## WHAT YOU HAVE TO DO
Pull every "premium" line out of the data below.

## DATASET EXTRACT
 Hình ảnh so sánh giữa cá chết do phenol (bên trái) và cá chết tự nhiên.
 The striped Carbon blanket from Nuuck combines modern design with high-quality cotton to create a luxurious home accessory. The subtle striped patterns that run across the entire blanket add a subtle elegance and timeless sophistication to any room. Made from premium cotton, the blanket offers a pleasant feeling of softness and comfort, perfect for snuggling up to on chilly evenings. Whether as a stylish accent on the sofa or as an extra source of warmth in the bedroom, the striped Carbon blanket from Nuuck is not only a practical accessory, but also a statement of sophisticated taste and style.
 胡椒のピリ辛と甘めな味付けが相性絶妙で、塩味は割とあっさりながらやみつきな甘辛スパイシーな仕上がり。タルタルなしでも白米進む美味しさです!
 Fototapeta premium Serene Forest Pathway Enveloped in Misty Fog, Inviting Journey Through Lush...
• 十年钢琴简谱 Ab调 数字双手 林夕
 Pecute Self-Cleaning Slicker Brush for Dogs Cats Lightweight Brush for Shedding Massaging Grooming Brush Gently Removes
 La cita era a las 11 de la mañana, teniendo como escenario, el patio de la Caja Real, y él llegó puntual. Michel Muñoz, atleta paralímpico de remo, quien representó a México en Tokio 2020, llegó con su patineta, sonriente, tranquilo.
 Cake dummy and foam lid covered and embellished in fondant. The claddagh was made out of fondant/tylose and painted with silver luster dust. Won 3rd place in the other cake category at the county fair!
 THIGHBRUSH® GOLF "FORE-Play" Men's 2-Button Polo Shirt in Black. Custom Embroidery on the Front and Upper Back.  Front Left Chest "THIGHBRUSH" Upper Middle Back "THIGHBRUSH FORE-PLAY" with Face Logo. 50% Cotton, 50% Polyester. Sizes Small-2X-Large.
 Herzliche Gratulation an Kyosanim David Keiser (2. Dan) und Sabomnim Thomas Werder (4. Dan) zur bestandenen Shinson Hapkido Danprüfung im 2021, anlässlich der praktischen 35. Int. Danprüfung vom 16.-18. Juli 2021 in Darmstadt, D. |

## OUTPUT
 The striped Carbon blanket from Nuuck combines modern design with high-quality cotton to create a luxurious home accessory. The subtle striped patterns that run across the entire blanket add a subtle elegance and timeless sophistication to any room. Made from premium cotton, the blanket offers a pleasant feeling of softness and comfort, perfect for snuggling up to on chilly evenings. Whether as a stylish accent on the sofa or as an extra source of warmth in the bedroom, the striped Carbon blanket from Nuuck is not only a practical accessory, but also a statement of sophisticated taste and style.
 Fototapeta premium Serene Forest Pathway Enveloped in Misty Fog, Inviting Journey Through Lush...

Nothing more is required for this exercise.